My boyfriend doesn't seem to understand that I want more from our long distance
Hi, I have been in a relationship with my boyfriend since two years. It is mostly a long distance thing.
Previously, like every relationship it used to be very romantic, but now it seems the spark is gone. He is no longer romantic, he no longer sings to me like he used to previously (as music is one of his hobbies) , he does not take interest in my likings or those things which make me happy, he has changed.
When I talked about this to him, he said every relationship has this problem and we need to mature after sometime. But I still want to keep our relationship alive and cheerful. I never felt the need to change. When I am having problems and cry my heart out, all he says now is don't cry for stupid reason, just move on.
And he is being brutally honest recently. As it is a long distance relationship I have tried every possible way to make time for ourselves like video calling, asking him to watch a movie at the same time, sending him pics of what Im doing. But he does not reciprocate it the same way as me, it is rather a cold response from him.
He says he loves me a lot and he does not need to prove it. And that I am being too selfish and trying to seek attention.
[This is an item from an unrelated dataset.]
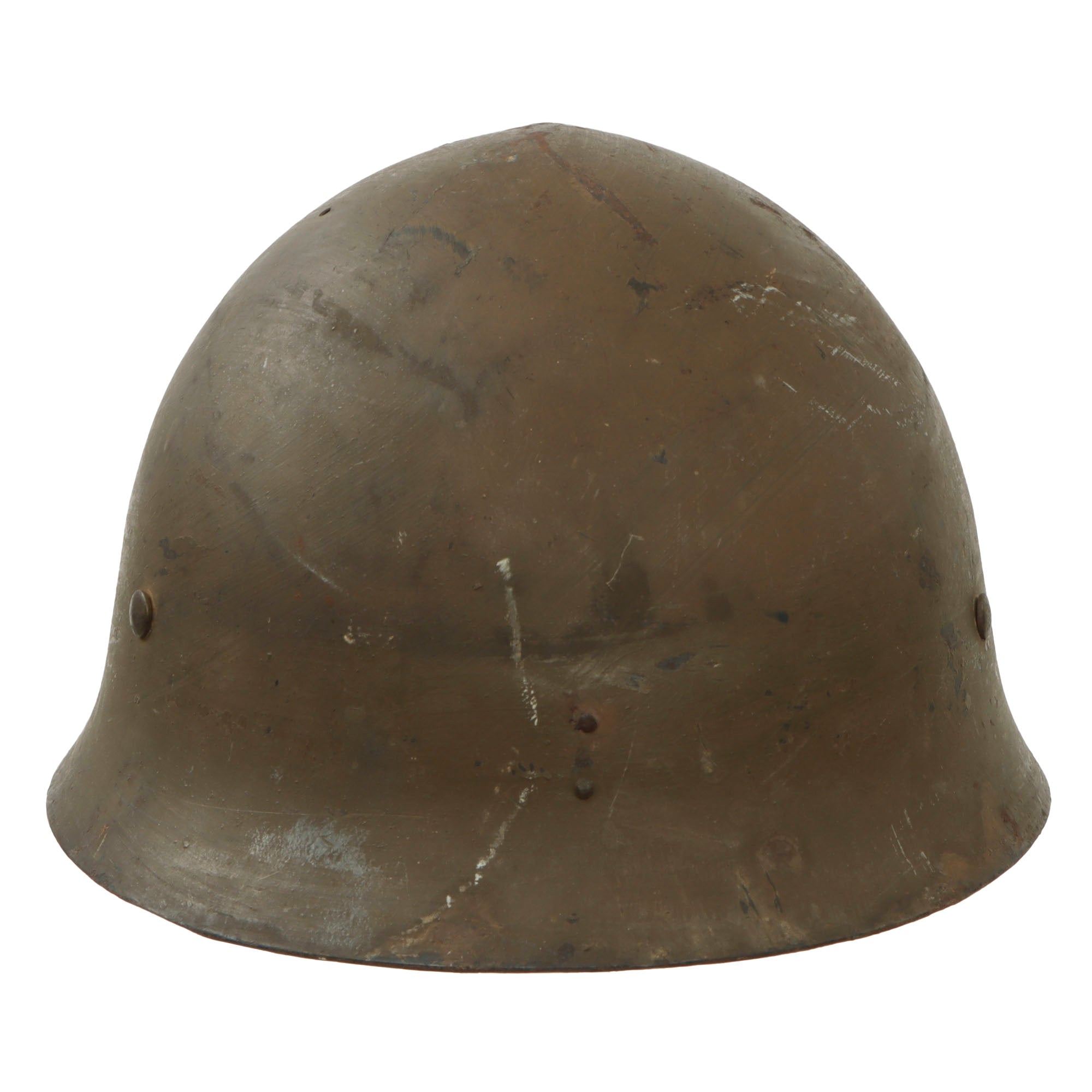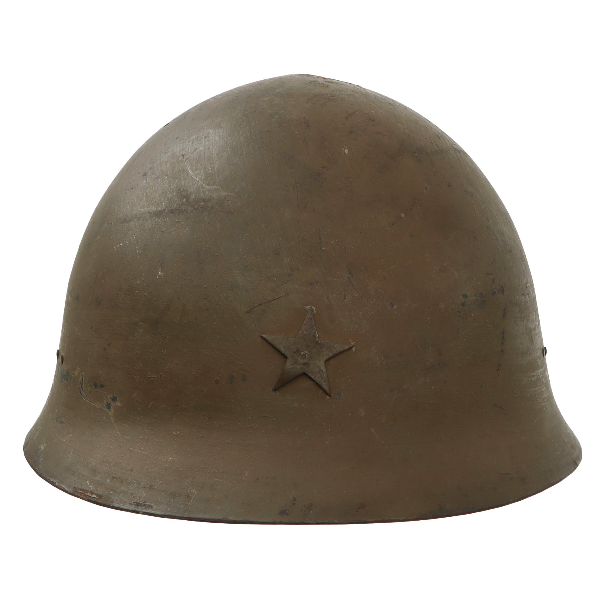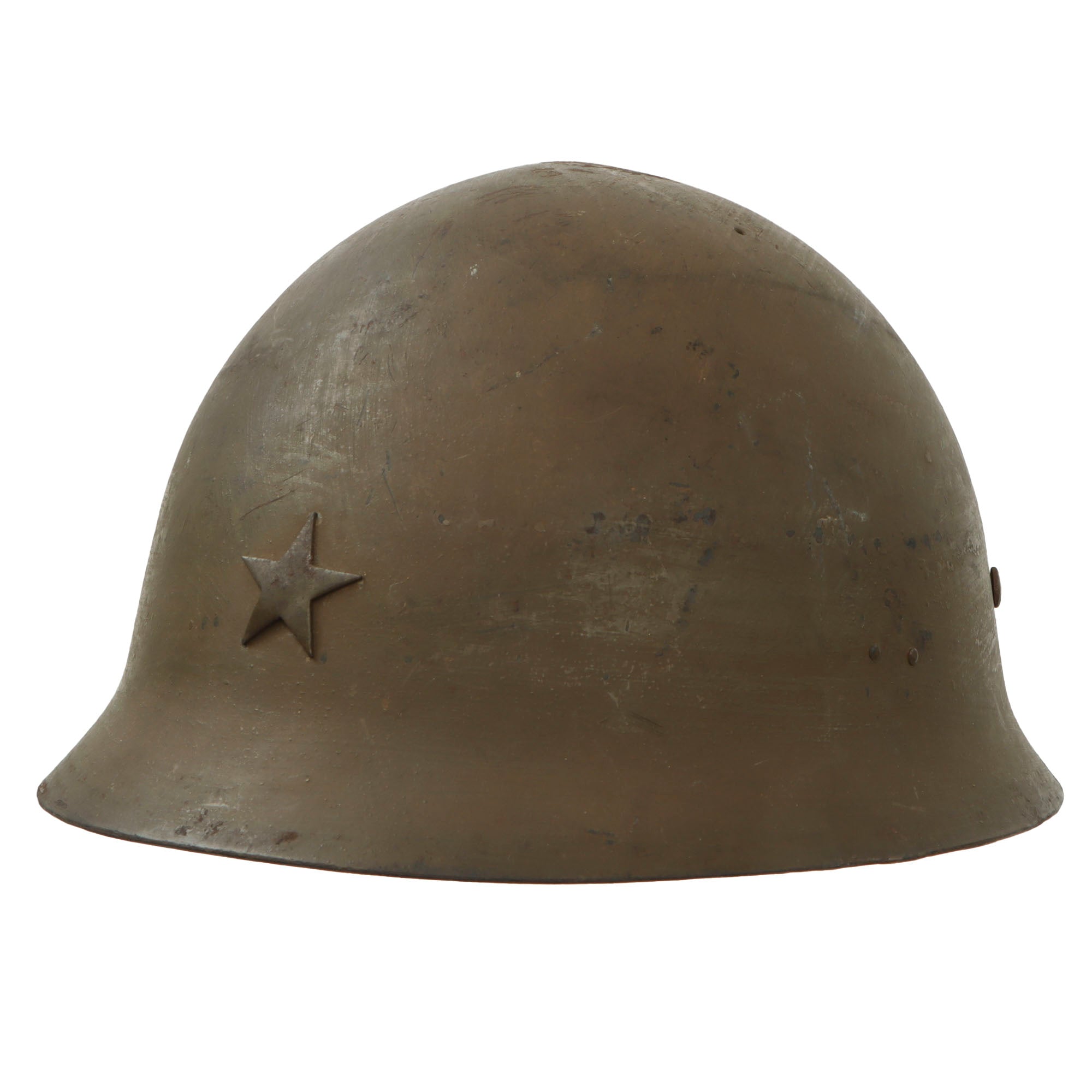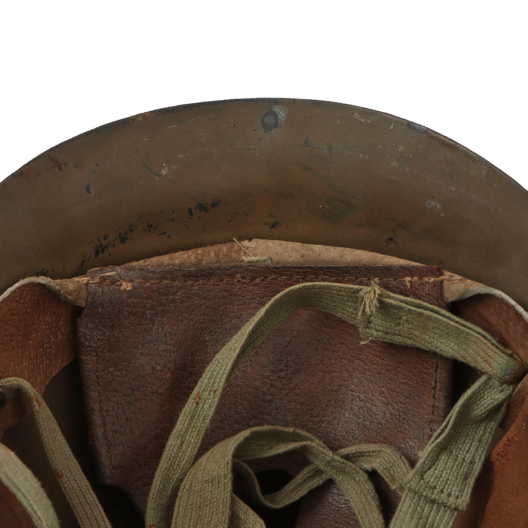 A very nice condition helmet, with most of the original paint, with the expected wear and chips from service. These helmets are continuing to become harder and harder to find on the market, especially once with complete liner and chin strap systems. This example is worthy of any WWII collection.

I give him his space, I do not disturb him while he is at work, or taking rest or chilling all by himself. I am used to him not giving me the importance that I expect from him, but now it is starting to feel unbearable.
Now I do not feel like sharing anything with him, thinking he will not respond and that will make me mad. Everytime I try talking to him regarding this, he says it's all your mind playing games with you, we both know we love each other and nothing else is needed. That's the end of conversation and I'm not able to express myself any further and he is not ready to listen any more. So it ends up staying with me.
If I ignore him, he does call me up, but just to say hi hello what are you doing and hang up. And I am again left with my feelings within me. It is becoming more of an elderly couple relationship whose only duty is to stay as husband and wife because of their kids.
Also we have almost zero sex life because he does not want it, and I'm still ok with that decision of his. Also we never talk for hours because we both are busy with our work. Also we hardly video call, because he is busy most if the time and hanging out with his friends. I'm ok with that too. But what is hurting me is his brutal honesty and indifference. Please help.
I am so disturbed and, not being able to share it with anyone this is the only platform I thought of pouring my heart out. Sorry for the very long post.
Just a few questions; HOw old are you guys? How long is the distance between you? How often you see each other?
Your BF appears to be the Controlling/Dictator of your relationship; what he says is the law; and your opinion and feelings don't matter.
-When you've become distraught and have cried; he says "your reason for crying is stupid" -a backward way of calling you stupid.
-You make all the effort to communicate and stay in touch-he makes no effort to reciprocate and his response to you is cold.
-No longer takes any interest in what you like or makes you happy.
-He says "he loves you a lot and he doesn't need to prove it and you're being selfish and seeking attention.
-When you tell him how he makes you feel; he says "it's all your mind games"
-He states again that you both love each other and nothing else is needed; and he's not ready to listen to any more of your -comments; that the end of the conversation.
-You have almost zero sex life because he doesn't want it.
From where sit this guy is/has become a Controlling/Verbally Abusive/Dictator/Jerk/ in this relationship. You have lost all of your power in the relationship. When he' is being himself you make sure you do nothing to irate him and stay in your place.
First his man does not love or care about you. You in my opinion have no value in this relationship. There is nothing positive in how he treats you. He is an Abuser. I would have left him long ago. He's effected your Self Esteem/ Self Respect and has devalued your value in this relationship. You must seek professional counseling and get help to rebuild life, your self respect/and your power to walk away from this unhealthy abusive relationship in my opinion.
There are people on this site who can and will give you help. Please understand he does not own you; nor does he love you. You have every right to feel the way you do. Thank God you've only been together for 2 years- Is there any chance that he's involved with some one else? The zero sex is red flag?.
This relationship is too toxic and abusive to remain in.